EXERCISE: Once you reach the line containing "Coussin avec une" in the data below, restate each line word for word up to and including the one containing "Hoạt động văn".

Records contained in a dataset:
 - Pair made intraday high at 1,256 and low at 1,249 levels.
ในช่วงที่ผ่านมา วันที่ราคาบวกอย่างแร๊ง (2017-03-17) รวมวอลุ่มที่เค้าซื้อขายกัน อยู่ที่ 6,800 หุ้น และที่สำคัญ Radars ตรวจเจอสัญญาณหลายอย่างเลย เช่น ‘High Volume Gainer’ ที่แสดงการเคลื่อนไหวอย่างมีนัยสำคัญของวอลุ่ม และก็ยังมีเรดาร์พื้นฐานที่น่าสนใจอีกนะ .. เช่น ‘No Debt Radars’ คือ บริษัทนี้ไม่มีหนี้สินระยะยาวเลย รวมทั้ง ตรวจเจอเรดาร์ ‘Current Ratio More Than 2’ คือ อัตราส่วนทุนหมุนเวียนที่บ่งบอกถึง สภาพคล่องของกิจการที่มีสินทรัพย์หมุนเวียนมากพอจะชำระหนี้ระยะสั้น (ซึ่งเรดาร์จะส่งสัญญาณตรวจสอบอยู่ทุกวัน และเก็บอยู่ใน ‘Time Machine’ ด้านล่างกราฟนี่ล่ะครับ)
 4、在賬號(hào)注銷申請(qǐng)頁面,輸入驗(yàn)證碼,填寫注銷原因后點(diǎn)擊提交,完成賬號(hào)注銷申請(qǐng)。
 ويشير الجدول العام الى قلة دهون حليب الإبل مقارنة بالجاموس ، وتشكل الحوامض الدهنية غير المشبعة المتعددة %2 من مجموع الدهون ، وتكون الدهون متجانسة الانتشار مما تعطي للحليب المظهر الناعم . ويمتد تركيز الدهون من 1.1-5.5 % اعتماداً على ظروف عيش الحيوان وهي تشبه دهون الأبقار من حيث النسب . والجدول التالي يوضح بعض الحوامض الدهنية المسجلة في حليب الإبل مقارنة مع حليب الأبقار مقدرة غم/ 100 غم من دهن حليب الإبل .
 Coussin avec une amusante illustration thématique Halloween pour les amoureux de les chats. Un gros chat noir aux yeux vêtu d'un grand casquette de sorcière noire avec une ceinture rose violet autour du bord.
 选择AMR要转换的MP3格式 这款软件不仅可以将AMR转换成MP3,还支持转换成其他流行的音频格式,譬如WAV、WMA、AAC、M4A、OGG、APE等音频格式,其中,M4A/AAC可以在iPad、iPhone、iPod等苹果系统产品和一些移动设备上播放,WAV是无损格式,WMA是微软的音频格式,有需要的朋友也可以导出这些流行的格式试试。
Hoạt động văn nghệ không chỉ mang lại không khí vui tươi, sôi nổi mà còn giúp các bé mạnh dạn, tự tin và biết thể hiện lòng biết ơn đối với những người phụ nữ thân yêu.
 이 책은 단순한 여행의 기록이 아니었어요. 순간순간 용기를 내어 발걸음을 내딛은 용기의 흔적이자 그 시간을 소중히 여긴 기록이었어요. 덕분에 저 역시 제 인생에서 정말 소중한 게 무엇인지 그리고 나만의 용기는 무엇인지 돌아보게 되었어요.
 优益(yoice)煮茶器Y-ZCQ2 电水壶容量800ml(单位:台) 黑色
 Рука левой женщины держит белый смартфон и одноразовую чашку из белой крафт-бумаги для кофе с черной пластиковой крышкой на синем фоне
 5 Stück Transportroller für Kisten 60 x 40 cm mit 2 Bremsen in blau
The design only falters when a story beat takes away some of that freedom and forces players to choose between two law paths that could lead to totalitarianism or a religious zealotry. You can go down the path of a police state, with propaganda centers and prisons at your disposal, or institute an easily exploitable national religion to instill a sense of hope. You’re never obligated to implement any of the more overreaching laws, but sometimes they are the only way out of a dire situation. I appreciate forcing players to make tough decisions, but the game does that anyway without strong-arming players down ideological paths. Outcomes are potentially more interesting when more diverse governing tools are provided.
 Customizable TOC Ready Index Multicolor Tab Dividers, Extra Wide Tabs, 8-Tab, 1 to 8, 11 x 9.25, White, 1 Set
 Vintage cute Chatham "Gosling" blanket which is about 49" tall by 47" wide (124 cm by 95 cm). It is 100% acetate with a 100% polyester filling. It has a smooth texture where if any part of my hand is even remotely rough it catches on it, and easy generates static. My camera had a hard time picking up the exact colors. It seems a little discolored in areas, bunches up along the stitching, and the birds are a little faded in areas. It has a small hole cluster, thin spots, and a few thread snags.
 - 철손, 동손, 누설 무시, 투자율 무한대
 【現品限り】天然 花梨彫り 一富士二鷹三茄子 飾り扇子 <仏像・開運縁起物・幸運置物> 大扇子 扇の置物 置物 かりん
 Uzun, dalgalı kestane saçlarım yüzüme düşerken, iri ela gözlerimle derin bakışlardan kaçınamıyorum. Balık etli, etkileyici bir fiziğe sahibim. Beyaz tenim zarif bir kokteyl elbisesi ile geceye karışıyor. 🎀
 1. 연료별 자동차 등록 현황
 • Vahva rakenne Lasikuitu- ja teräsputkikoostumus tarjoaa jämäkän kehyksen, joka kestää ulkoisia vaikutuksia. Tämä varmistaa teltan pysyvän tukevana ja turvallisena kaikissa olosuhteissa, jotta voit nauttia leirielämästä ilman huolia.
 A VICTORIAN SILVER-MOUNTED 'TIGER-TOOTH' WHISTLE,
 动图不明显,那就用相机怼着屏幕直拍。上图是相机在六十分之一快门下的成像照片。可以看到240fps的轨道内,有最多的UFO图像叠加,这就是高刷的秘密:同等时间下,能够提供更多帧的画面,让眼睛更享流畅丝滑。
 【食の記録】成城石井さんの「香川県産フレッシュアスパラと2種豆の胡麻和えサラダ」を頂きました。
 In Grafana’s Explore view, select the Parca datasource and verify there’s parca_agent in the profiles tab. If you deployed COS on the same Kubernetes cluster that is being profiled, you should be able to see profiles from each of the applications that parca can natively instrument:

RESPONSE BELOW:
 Coussin avec une amusante illustration thématique Halloween pour les amoureux de les chats. Un gros chat noir aux yeux vêtu d'un grand casquette de sorcière noire avec une ceinture rose violet autour du bord.
 选择AMR要转换的MP3格式 这款软件不仅可以将AMR转换成MP3,还支持转换成其他流行的音频格式,譬如WAV、WMA、AAC、M4A、OGG、APE等音频格式,其中,M4A/AAC可以在iPad、iPhone、iPod等苹果系统产品和一些移动设备上播放,WAV是无损格式,WMA是微软的音频格式,有需要的朋友也可以导出这些流行的格式试试。
Hoạt động văn nghệ không chỉ mang lại không khí vui tươi, sôi nổi mà còn giúp các bé mạnh dạn, tự tin và biết thể hiện lòng biết ơn đối với những người phụ nữ thân yêu.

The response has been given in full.